Congratulations, he looks gorgeous!


----------



## toth boer goats (Jul 20, 2008)

Adorable, congrats


----------



## Engebretsen (May 16, 2012)

What a cutie!


----------



## ksalvagno (Oct 6, 2009)

So sweet!


----------



## Tayet (Feb 9, 2012)

He's super cute! What a little sweetie.


----------



## Used2bmimi (Oct 3, 2012)

Oh my goodness, sweet baby! Great story, I think we all have those lapses from time to time. Thank goodness for your attentive neighbor. Good job getting baby and mom together. And good luck in your meat goat venture!


----------



## bayouboergoats (Dec 30, 2012)

So cute! And good luck with mom hope she turns into a great mother!


----------



## nancy d (Oct 5, 2007)

How exciting! Congrats on that lil cutie too.


----------



## crzenner (Dec 23, 2012)

HangtownMeatGoats said:


> Well we've had an eventful evening today. I had 3 does that are expecting any day.
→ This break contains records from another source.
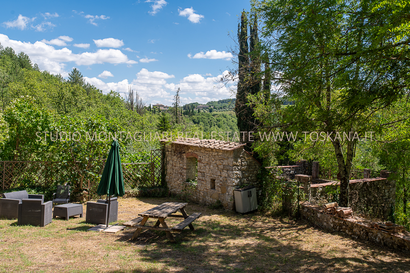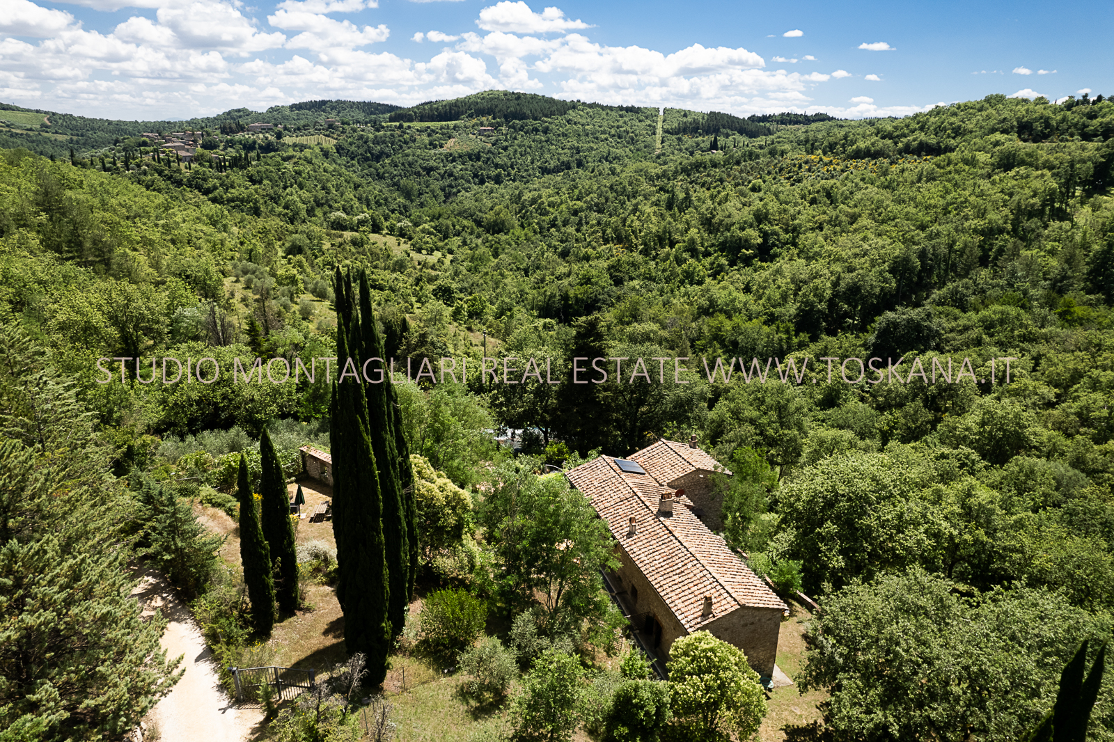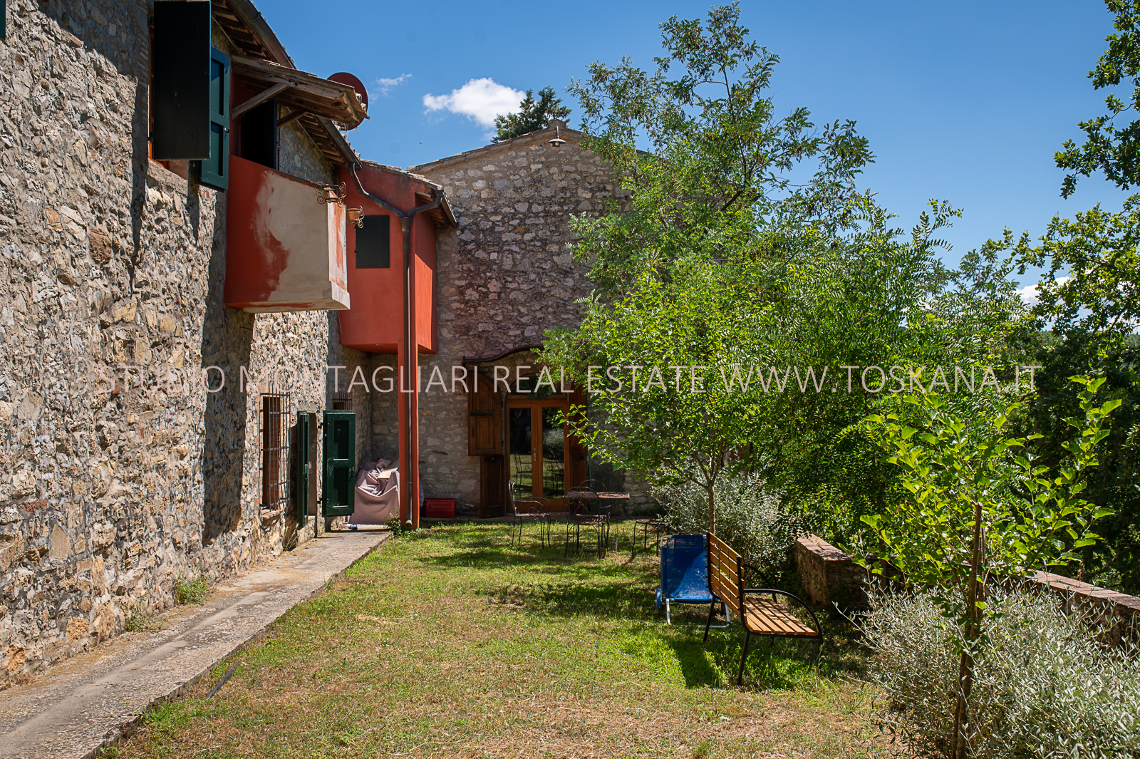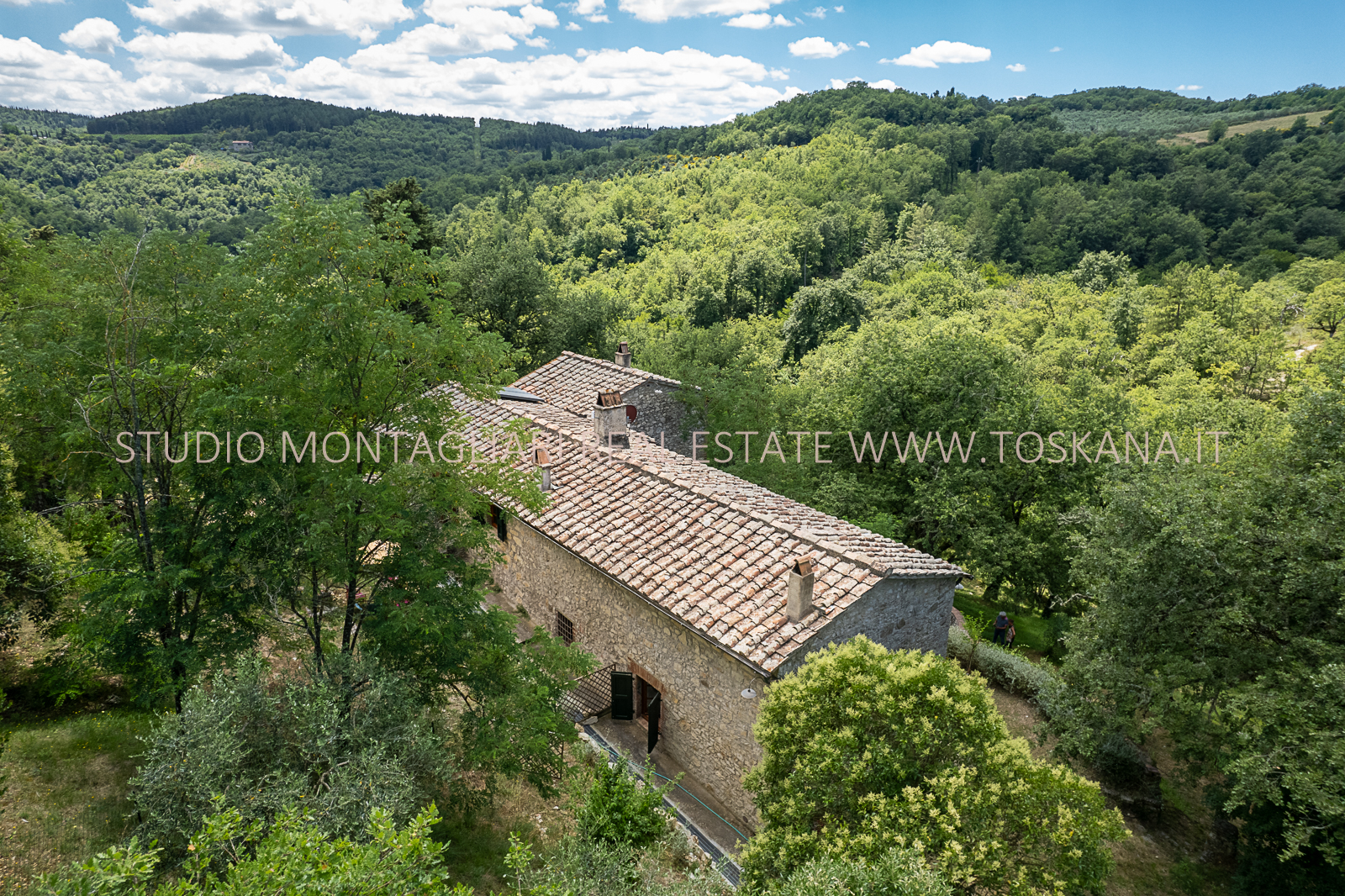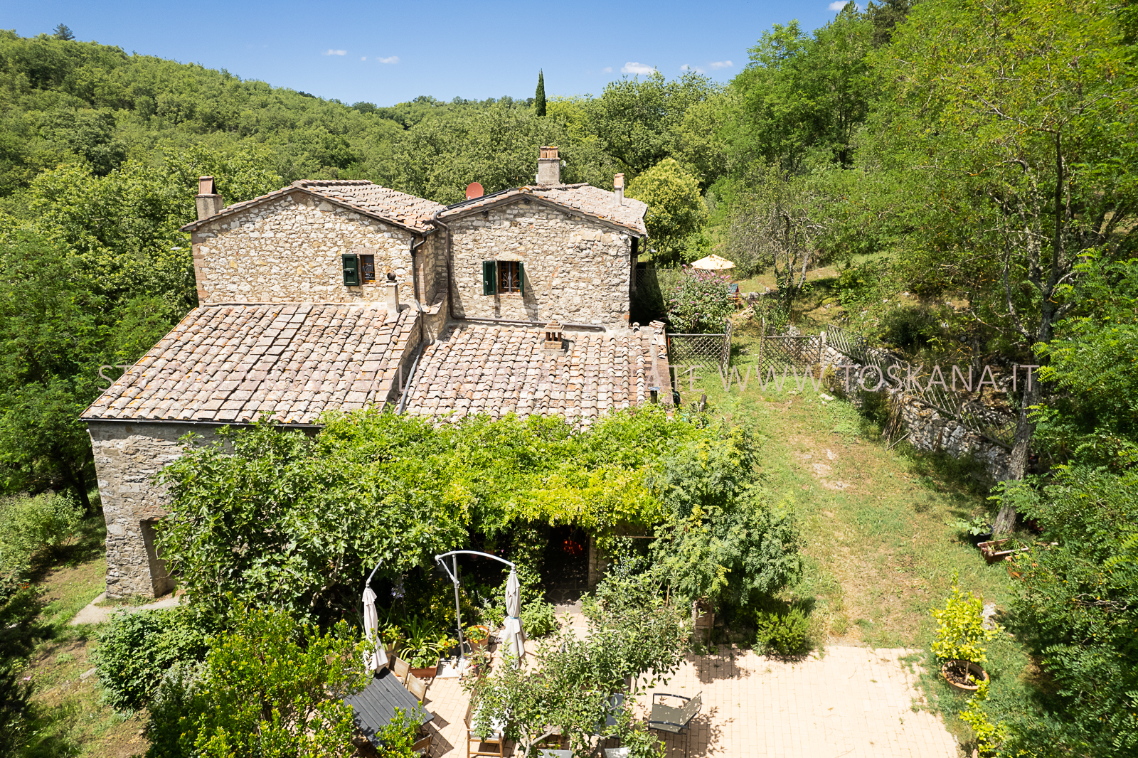 Nel cuore del Chianti Classico, tra Radda e Castellina, immerso in un luogo incantato fatto di boschi e accompagnato dal dolce suono di un ruscello, si trova questo tipico casale toscano con annesso e 3,5 ettari di terreno.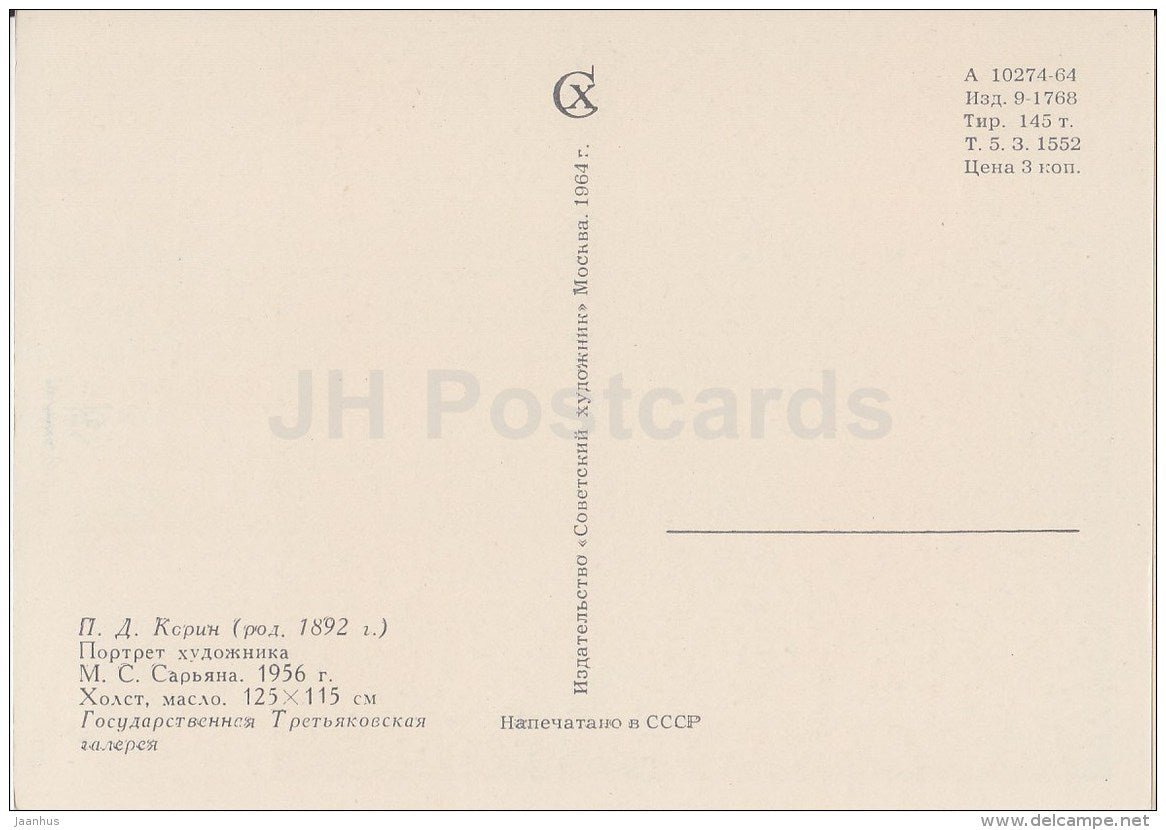 painting by P. Korin - Portrait of Armenian artit Saryan , 1956 - Russian Art - 1964 - Russia USSR - unused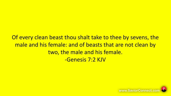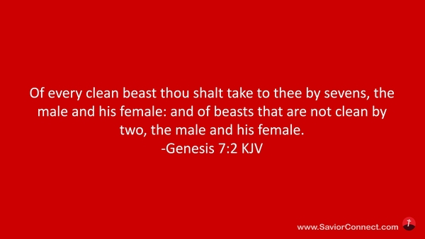 Of every clean beast thou shalt take to thee by sevens, the male and his female: and of beasts that are not clean by two, the male and his female. -Genesis 7:2 KJV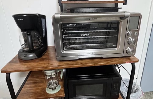 The equipped kitchen with beautiful cabinetry features a variety of appliances such as a coffee machine and capsules for your morning coffee, as well as a Oven Toaster, Microwave.Hot Plate.
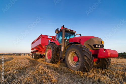 © hopsalka, Fototapeta premium Agriculture tractor and trailer on a stubble field, copy space for text

This morning I had a lapse in common sense and decided that my herd was getting cabin fever, so I opened up the gate and let them out onto our unfenced acreage to get some browse time. They were all so thrilled. They were going this way and that eating fresh grass and tons of acorns. Eventually they wandered up to my neighbors house(who is half owner in my herd). He called me to let me know where they were and i told him not to worry because i was letting them have some time out today. He said ok and we went on with our day. Until an hour later when he called and asked "is the white one with black markings pregnant?" I said yep, and he says "mayday she's having it now behind my wifes yukon". The 30 seconds it took me to get there was more than she needed. By the time i got there she was done and walking away. Yes, walking away. She had no interest in her new baby buckling. I talked to a goat friend who advised me to pen her up with the kid and work with her to get her feeding him. With supervision tonight he got a full belly of colostrum and went to sleep under the heat lamp. My wife checked her cervix to see if it was still open and to check for any other kids. After that she(the doe) smelled her baby and gently nibbled and licked him. I think that she is going to take him now. She's only 10 months old so her mothering instinct might not be all there yet, but she did great delivering her baby despite her small size. I think my wife checking the goats cervix tricked her into thinking that she had just given birth to this little buckling.


Cute kid!


----------



## happybleats (Sep 12, 2010)

congrats!! he is handsome


----------



## HangtownMeatGoats (May 12, 2012)

Thanks everyone. We are really excited. We talked about getting goats for about three years and have been waiting now, with the goats for over a year. Finally we see our first goat kid, so we're way stoked. Next project- get more acreage fenced so we can break even with feed cost, ouch. Update on the kid, he's doing really good and mom is somewhat affectionate toward him but still resists him eating on her. I'm holding her while he eats about 3 times a day now. Hopefully she catches on soon. I finish by milking her out to help her production come up and then i have milk to give him from a bottle before i check out for the night.


----------



## HangtownMeatGoats (May 12, 2012)

I have a question concerning this doe. It has been 11 days now since she kidded, today she has a stringy whitish/tannish looking discharge with pin needle size blood drops. She has already shed her afterbirth and is feeding her kid finally. I think it is possible that she may have kidded prematurely because of the steep vlimb she did that probably put her into labor(since she kidded at the top of the hill). The other reason i suspect she was premature is because she walked away from the kid as soon as it was out and it took me 2 days to get her to accept him. Do you think it is possible that she still has another in there? Or do you think she has an infection? Or is the discharge completely normal? Thanks. I should add too that her vulva is still quite puffy.


----------



## crocee (Jul 25, 2008)

Congratulations on the new baby. The doe is probably just doing the normal clean out of the uterus. This happens off and on for several weeks.


----------



## HoosierShadow (Apr 20, 2010)

If your doe had another one in there you probably would know it by now, as they can not retain a kid, once labor starts, any kid in the womb has to come out.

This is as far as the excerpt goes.